Repeating tasks in Python

Now you should have a few dozen files! For each file, you need to:

  • Load the file in using the rioxarray library
  • Get the date from the file name
  • Add the date as a dimension coordinate
  • Give your data variable a name

You don’t want to write out the code for each file! That’s a recipe for copy pasta. Luckily, Python has tools for doing similar tasks repeatedly. In this case, you’ll use one called a for loop.

There’s some code below that uses a for loop in what is called an accumulation pattern to process each file. That means that you will save the results of your processing to a list each time you process the files, and then merge all the arrays in the list.

Try It
  • Look at the file names. How many characters from the end is the date? doy_start and doy_end are used to extract the day of the year (doy) from the file name. You will need to count characters from the end and change the values to get the right part of the file name. HINT: the index -1 in Python means the last value, -2 second-to-last, and so on.
  • Replace any required variable names with your chosen variable names
doy_start = -1
doy_end = -1

# Loop through each NDVI image
ndvi_das = []
for ndvi_path in ndvi_paths:
    # Get date from file name

    # Open dataset

    # Add date dimension and clean up metadata
    da = da.assign_coords({'date': date})
    da = da.expand_dims({'date': 1})
    da.name = 'NDVI'

    # Prepare for concatenation
See our solution!
doy_start = -19
doy_end = -12

# Loop through each NDVI image
ndvi_das = []
for ndvi_path in ndvi_paths:
    # Get date from the file name
    doy = ndvi_path.name[doy_start:doy_end]
    date = pd.to_datetime(doy, format='%Y%j')

    # Open dataset
    da = rxr.open_rasterio(ndvi_path, mask_and_scale=True).squeeze()

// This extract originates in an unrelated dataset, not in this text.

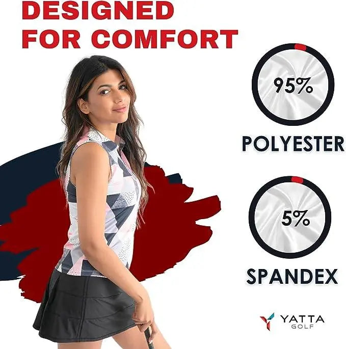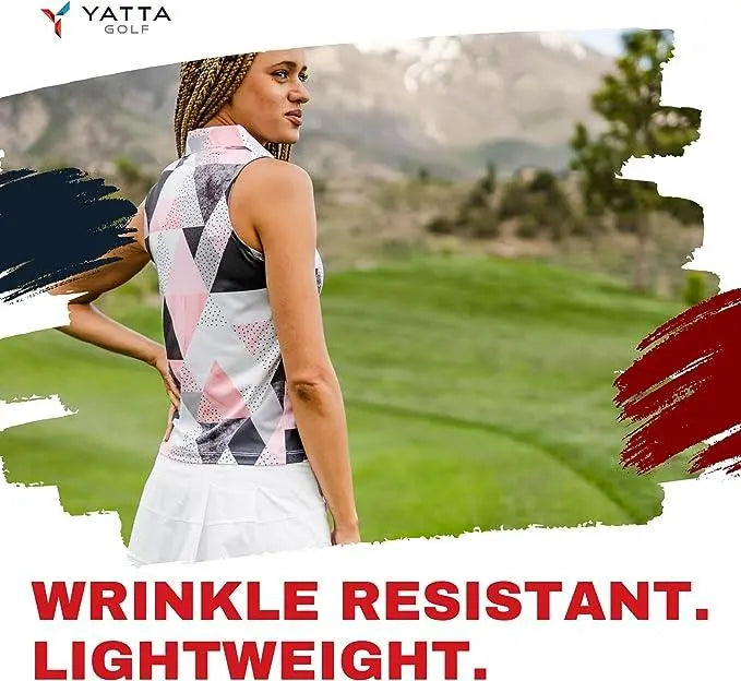 • V-Neck Polo Collars. Standout Designs – Looking great and feeling good on the course is always a plus. Step up your game with the Yatta Golf Women's Golf Polo. This stylish womens golf polo apparel has a comfortable fabric that can keep you dry through even the sweatiest rounds, while maintaining an eye-catching style. Versatile enough to wear every round, this short-sleeved top is perfect as an everyday golf shirt or an athletic womens outfit.
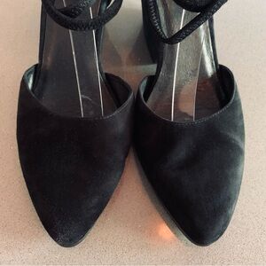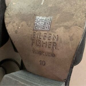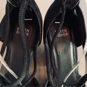 Eileen Fisher sz 10 Tilda Black Suede Rear Zip Stacked Heel Pumps Wedges Straps in very good condition. NOTE: first photo is a stock image.

    # Add date dimension and clean up metadata
    da = da.assign_coords({'date': date})
    da = da.expand_dims({'date': 1})
    da.name = 'NDVI'

    # Prepare for concatenation
    ndvi_das.append(da)

len(ndvi_das)
49

Combine Rasters

Next, stack your arrays by date into a time series using the xr.combine_by_coords() function. You will have to tell it which dimension you want to stack your data in.

# Combine NDVI images from all dates
See our solution!
# Combine NDVI images from all dates
ndvi_da = xr.combine_by_coords(ndvi_das, coords=['date'])
ndvi_da
<xarray.Dataset> Size: 15MB
Dimensions:      (date: 49, y: 203, x: 382)
Coordinates:
    band         int64 8B 1
  * x            (x) float64 3kB -112.3 -112.3 -112.3 ... -111.5 -111.5 -111.5
  * y            (y) float64 2kB 33.39 33.39 33.38 33.38 ... 32.97 32.97 32.97
    spatial_ref  int64 8B 0
  * date         (date) datetime64[ns] 392B 2001-05-25 2001-06-10 ... 2007-08-29
Data variables:
    NDVI         (date, y, x) float32 15MB 0.8282 0.6146 ... 0.2712 0.2602

STEP 3: Plot NDVI

Try It: Plot the change in NDVI spatially

Complete the following:

  • Select data from 2021 to 2023 (3 years after the water rights case)
  • Take the temporal mean (over the date, not spatially)
  • Get the NDVI variable (should be a DataArray, not a Dataset)
  • Repeat for the data from 2018 to 2020 (3 years before the water rights case)
  • Subtract the 2018-2020 time period from the 2021-2023 time period
  • Plot the result using a diverging color map like cmap=plt.cm.PiYG

There are different types of color maps for different types of data. In this case, we want decreases to be a different color from increases, so we should use a diverging color map. Check out available colormaps in the matplotlib documentation.

Looking for an Extra Challenge?

For an extra challenge, add the Gila River Indian Community boundary to the plot.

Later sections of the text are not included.